When he turns away from the window, he sees the papers on his office table that relate to Hartisheik refugee camp.
Once again, his mind fights its way back through the past few days, until he reaches the evening of his private viewing and the conversation he had with Abdi late that night.
He was home, he was drunk, and he was sitting in his office at the end of the most bittersweet night of his life. Abdi knocked on the door.
“Mr. Sadler?”
“Come on in!” Ed had been glad to see somebody. He wasn’t quite ready to let go of the night yet. He’d been disappointed to find all the lights out in the house when he got home, even though it wasn’t very late.
He poured himself a nightcap.
“Do you want one?” he asked Abdi.
“No, thank you.” The boy was embarrassed. Always such a modest, polite boy.
“Sorry! I forgot. You’re Muslim.”
“I’m too young, Mr. Sadler.”
“Too young. Of course. Though at your age I’d already drunk my fair share of beers.”
Ed winces at the memory of his insensitivity. Did he really say that? He has a very bad habit of losing polite filters when he’s had a beer or two. He’s got into more than one or two fights at hotel bars around the world as a result. But he’s also managed to bed one or two women he wouldn’t have dared to proposition otherwise.
He shakes his head. That’s a terrible thought to have on this day of all days. What’s wrong with him?
Ed remembers that Abdi sat down beside him and asked him about Hartisheik camp and what it was like there. He remembers that he showed Abdi all the paperwork and the map he had in his files.

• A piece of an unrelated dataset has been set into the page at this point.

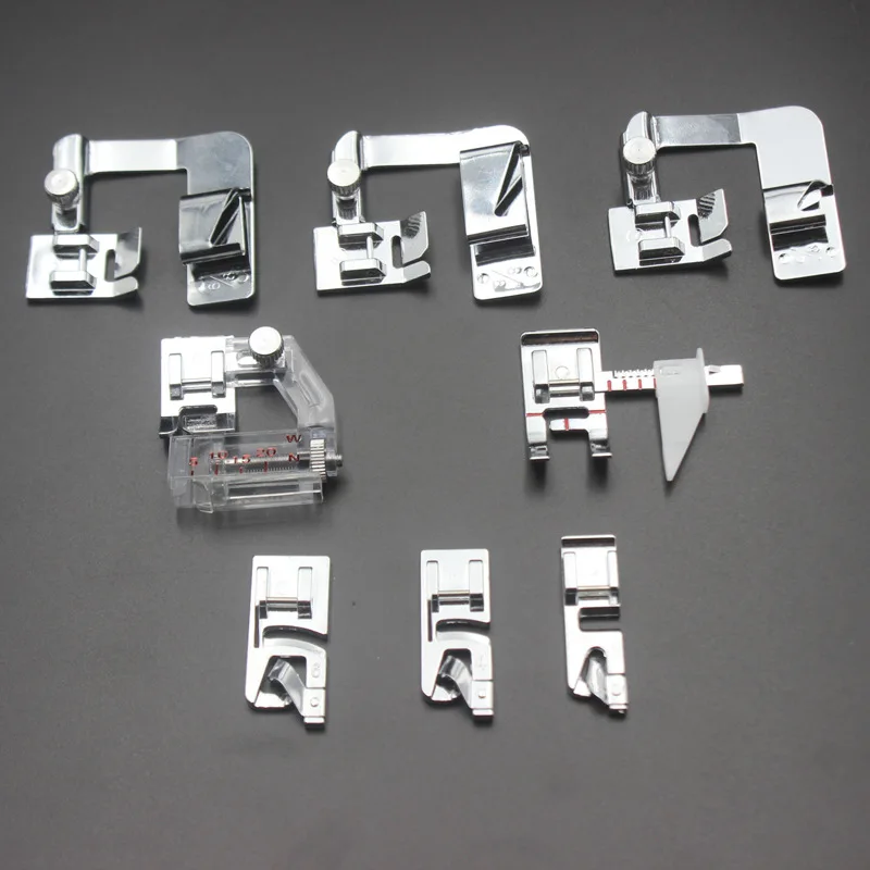 8 шт./компл./набор, тканевая полоска для завивки кромок, прижимная лапка для швейной машины, металлический широкий плоский шов, зигзаг, ОБЖИМНАЯ швейная машина, ножные костюмы

So it wasn’t much, then, the conversation, Ed thinks. Just a chat, stimulated by what Abdi had seen in the exhibition. Of course the boy was bound to be interested. It was his heritage, after all.
Nothing else about the conversation comes back to Ed, although he has a niggling feeling there’s something he’s not remembering. He shrugs it off quickly, though. The past few days have been mind-blowingly difficult, he tells himself. It’s nothing.
Ed just hopes he didn’t tell the boy how shit-scared he felt most of the time he was there. How he dreaded the thought of being kidnapped. Couldn’t wait to get back to Addis Ababa.
From upstairs, he can hear her voice. She must have answered that phone call.
He’s about to go to her when he finds he can’t face it. He sinks back down onto the sofa.
“Noah!” he says, and his voice cracks.
It’s a long time before he’s able to stop sobbing. The feeling of missing his child is like hearing a shrill, high note on a violin that’s never going to stop.
News first thing in the morning is that Noah Sadler’s computer has thrown up some interesting Internet search history results from late on Monday night, during the hours we believe that he and Abdi were at home after the exhibition opening and before they left the house.